“Addiction is actually the point. That’s what social media shareholders are investing in.”
The accusation came last month from Sen. Josh Hawley, R-Mo., in a speech at Stanford University’s Hoover Institution. While some politicians have argued for years that tech giants such as Facebook are dangerous for the economy, Hawley’s argument is that they are dangerous for us as people, creating “a society increasingly defined not by the genuine and personal love of family and church, but by the cold and judgmental world of social media,” he said in his May 15 maiden speech in the Senate.
Are Hawley’s concerns about the downstream social effects of these platforms warranted? Research is in its infancy, and the early results are mixed. However, I see a consensus starting to emerge. The findings from a recent article in the journal Psychiatric Quarterly by psychologists Jean Twenge and W. Keith Campbell are typical, showing an enormous negative association in adolescents between heavy social media (and other digital media use) and life satisfaction. In their words, “Heavy users . . . of digital media were 48% to 171% more likely [than light users] to be unhappy, to be in low in well-being, or to have suicide risk factors such as depression, suicidal ideation, or past suicide attempts.”
Of course, correlation isn’t causation, and it’s theoretically possible that depressed teens are simply more likely than their peers to engage in heavy social-media use. The best way to sort this out is to use experimental methods – as with drug tests – where social media is randomly assigned to people and the effects compared with those of a control group.

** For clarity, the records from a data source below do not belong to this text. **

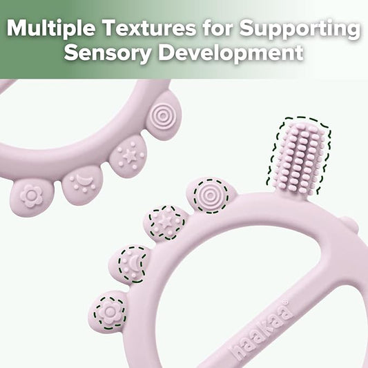 haakaa Silicone Twin Flower Teether,Nipple-Shaped End for Gum Massage,360° Baby Toothbrush Head for Self-Brushing Training,Easy to Grip - Lavender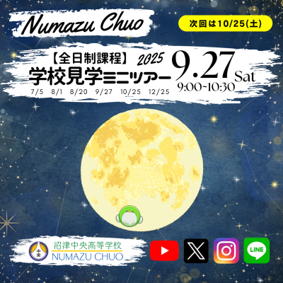 9月27日(土)は中学生対象の募集イベント「学校見学ミニツアー」が開催されます。今回は今年度全6回開催予定の4回目となります。授業はありませんので、在校生はいませんが部活動の生徒と会えるかも…休日の学校を探検してみてください!時間は9:00~10:30で、8:45より受付を開始いたします。予約サイト(miraicompass)のマイページより「受付票」を印刷し、当日受付へ提出してください。また、上履き・下足袋をご持参下さい。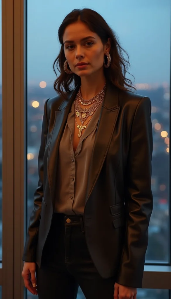 Isn’t it empowering how a simple shirt elevates leather into elegant armor? Perfect for women embracing body-positive fits, it balances structure with softness, making you feel like the boss you are.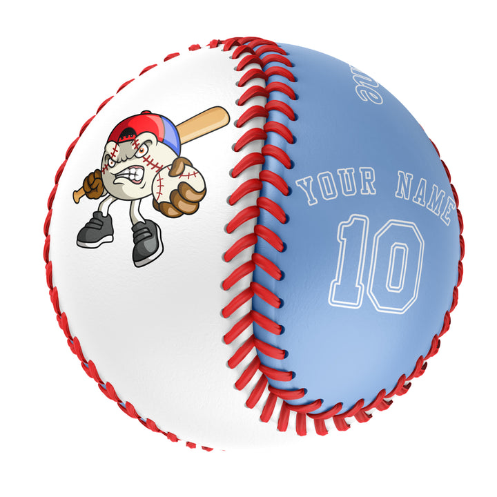 Custom White Blue Half Leather Blue Authentic Baseballs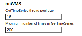 | Maximum number of times in GetTimeSeries | Maximum number of times tha GetTimeSeries will process. A user asking for more times will get back a service exception. The configuration is set the first time the admin hits save in the WMS page, even with a value of 0 (from that point on, GetTimeSeries will be independent on the WMS max dimensions setting). |

A few studies have done this. For instance, last year, University of Pennsylvania researchers reported in the Journal of Social and Clinical Psychology on their study of undergraduate students randomly assigned to one group with dramatically limited use of social media – 10 minutes per day on each of three platforms, Facebook, Instagram and Snapchat – while a control group was given unlimited social-media use. The result: Compared with the control group, “the limited use group showed significant reductions in loneliness and depression over three weeks.”
The research to date has generally focused on young people, for the same reason that we are most concerned about the marketing of any addictive product to children: We don’t consider them responsible for their habits and thus must protect them from exploitation. But many adults confess that they worry about the effects of excessive social-media use on themselves. In my professional world, I have seen heavy Twitter use lay to waste the reputations of respected journalists and utterly consume the productive time of great scholars.
It’s not as if this is the first time we have seen the negative properties of communication technology. Consider the telephone. Going back nearly 150 years to the time of the phone’s invention, the New York Times argued in 1876 that when the telephone became ubiquitous, people would no longer go out in public, creating a societal breakdown. “The telephone, by bringing music and ministers into every home, will empty the concert-halls and the churches,” the Times said. “The telephone may really be a device of the enemies of the Republic.”
The prediction was overwrought, as these prognostications tend to be, but many older readers will remember that in their youth some people were near recluses in their homes, talking for hours on the phone. Perverts and bullies would make crank calls, a parallel phenomenon to the anonymous use of social media and “trolling.” My parents had just one phone in the house to disincentivize anti-social behavior and make sure we kids weren’t talking to weirdos.
What changed with the telephone? We made progress by learning how to use the technology beneficially. As a rule, today we are the master of the traditional telephone, not the servant.
And so it can be with smartphones and with social media generally. No one thinks that a few minutes a day on Twitter to see what’s trending in one’s area of interest or using Facebook to set up activities with friends is deleterious to one’s mental health. Note that Twenge and Campbell found that light users actually tend to be a bit happier than nonusers. Light users employ social media as a complement to real life. The problem is when light use metastasizes and begins to substitute for the real human connections in life.
Some think that the supposed addictive properties of social media make this metastasis inevitable for many people. Others, such as Hawley, believe that the companies encourage this for commercial purposes: “Social media only works as a business model,” he said at the Hoover Institution, “if it consumes users’ time and attention day after day after day.”
Since he can’t unilaterally make social media disappear, presumably the objective behind Hawley’s argument is more regulatory scrutiny and oversight of the companies. Economists call that a “supply-side solution.” Another supply-side solution is for tech companies to voluntarily resist the innovations that give social media addictive properties.
However, there are also “demand-side solutions,” controlled by us as users, consciously limiting our exposure and rationing our use of social media. It starts with the question of whether social media is substituting for the people and things we love and value. One effective way to correct unhealthy social-media habits is to “fast” for a few weeks and then come back with strict limits on use – for example, as in the University of Pennsylvania study, a few minutes per day on any individual platform. That puts social media where it rightfully belongs: under each user’s control, and as a complement to real life.